Separable magnetic MoS2@Fe3O4 nanocomposites with multi-exposed active edge facets toward enhanced adsorption and catalytic activities

We synthesized fluffy MoS2 material stacked by ultrathin nanosheets through adjusting different mass ratios of starting materials via a facile hydrothermal method. Surprisingly, XRD characterization results demonstrated that the intensity ratio of (100) to (002) of ultrathin MoS2 nanosheets was 0.90 with a 4:5 (CH3CSNH2: Na2MoO4·2H2O) mass ratio (M4-5). To the best of our knowledge, this value should be high, implying that the obtained MoS2 nanosheets exposed considerable (100) facets. Because the noncentrosymmetric Mo-2S on edges terminated by dangling bonds exhibits rich defects, high active MoS2 edge planes (100) prevail over inert MoS2 basal planes (002). To overcome its easy suspension and difficult recovery, the magnetic Fe3O4 was selected for in situ doping with ultrathin M4-5, and a unique structure of stable MoS2@Fe3O4 (M@F) nanocomposites-like randomly stacked rose petals-wrapped spherical chocolate beans was obtained for the first time.
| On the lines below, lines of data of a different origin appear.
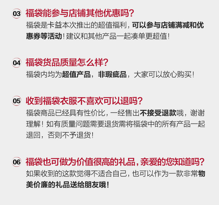 卡益福袋:款式随机(非当季新款),尺码可选,不接受备注和留言,一经售出不可退换货!如下单默认同意以上规则,谢谢亲的支持!
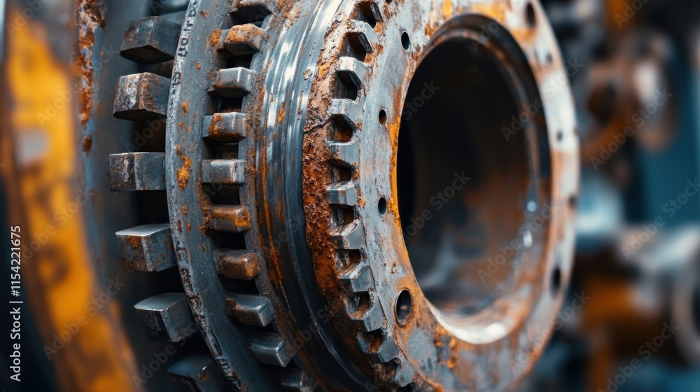A macro shot of a bearing that shows signs of corrosion and wear with adjacent analysis software projecting degradation timelines and mitigation strategies. #1154221675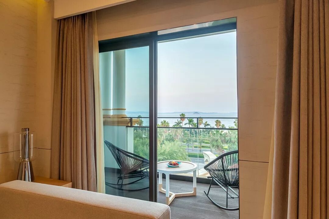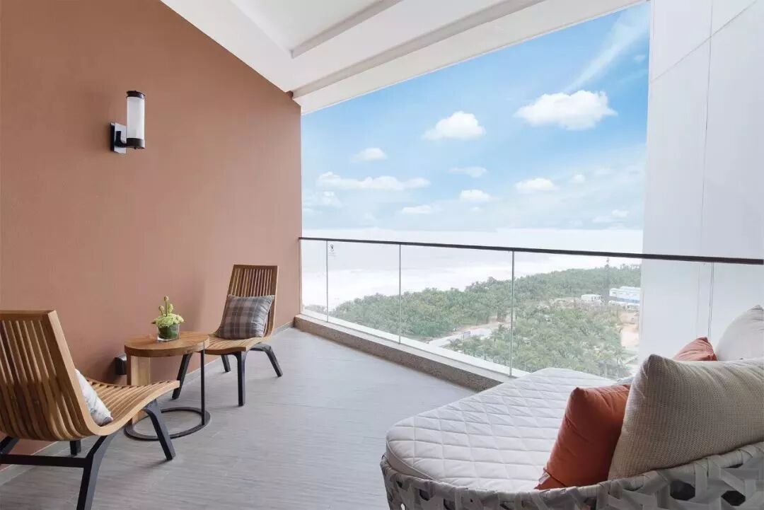 一打開房門,寬闊的海景撲面而來,心情都明亮了起來。配置至少 10平的超大的陽台更是讓人忍不住感歎這家皇冠假日空間的奢侈感,陽台上放置了沙發和桌椅。躺在柔軟的沙發上,望着沙淨水清的海棠灣發發呆,實屬人生一大樂事!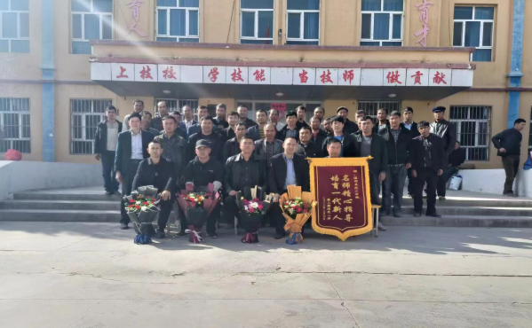 图为:2023年温宿县第三期钢筋工班培训学员参加职业技能培训取证后向温宿县技工学校赠送锦旗以示谢意。(江凯摄)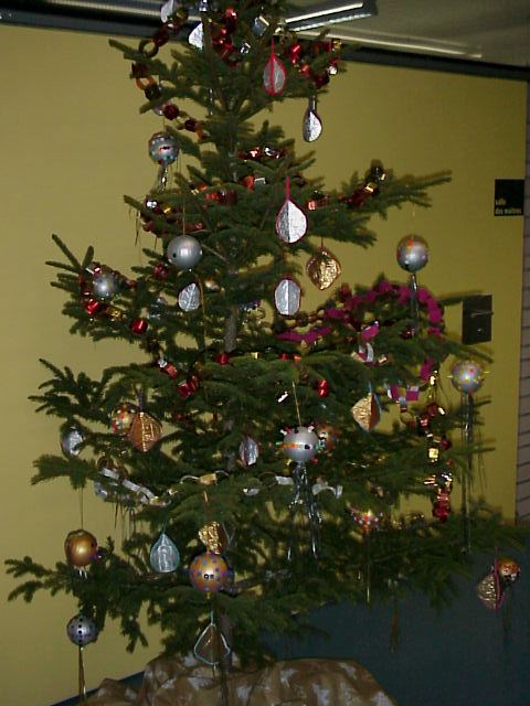 Les boules ont été sprayées en argent, puis les enfants ont planté des punaises de toutes les couleurs. Il y a d'autres boules en papier brillant et des guirlandes.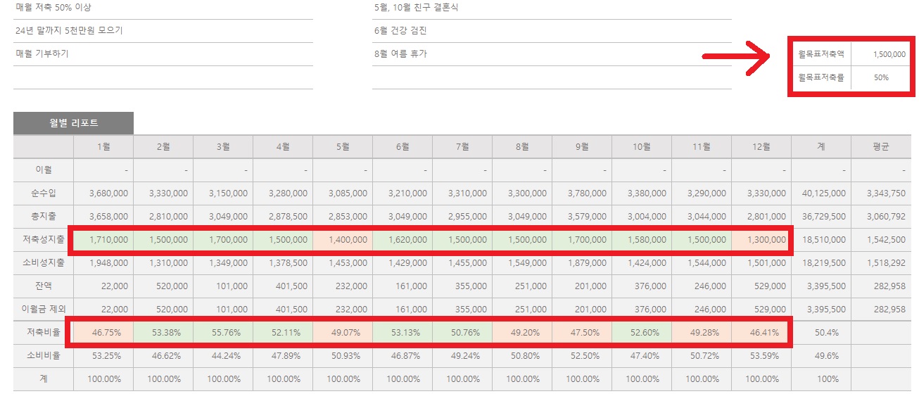 저축성 지출과 저축 비율에는 조건부 서식을 넣어서 설정한 숫자 이상이 되면 셀 배경이 칠해지도록 했습니다. 저는 2022년에 월 200만원 이상, 저축비율 60% 이상 됐을 때 초록색으로 셀 배경이 채워지도록 설정해놓고 사용했는데요. 목표치를 수정하시려면 숫자만 변경해주시면 됩니다.

The introduction of Fe3O4 has to sacrifice some edge active sites, but after balancing the magnetic and active sites, (100)/(002) of MoS2 in M@F can also reach 0.56, showing that edges of MoS2 nanosheets are still multi-exposed. Abundant exposed edges of M@F provide numerous active centers, so M@F nanocomposites exhibited excellent performance for both the 4-nitrophenol (4-NP) reduction and dye adsorption. Therefore, it has great application prospects in wastewater treatment and reduction reaction and is also worth exploring in other applications.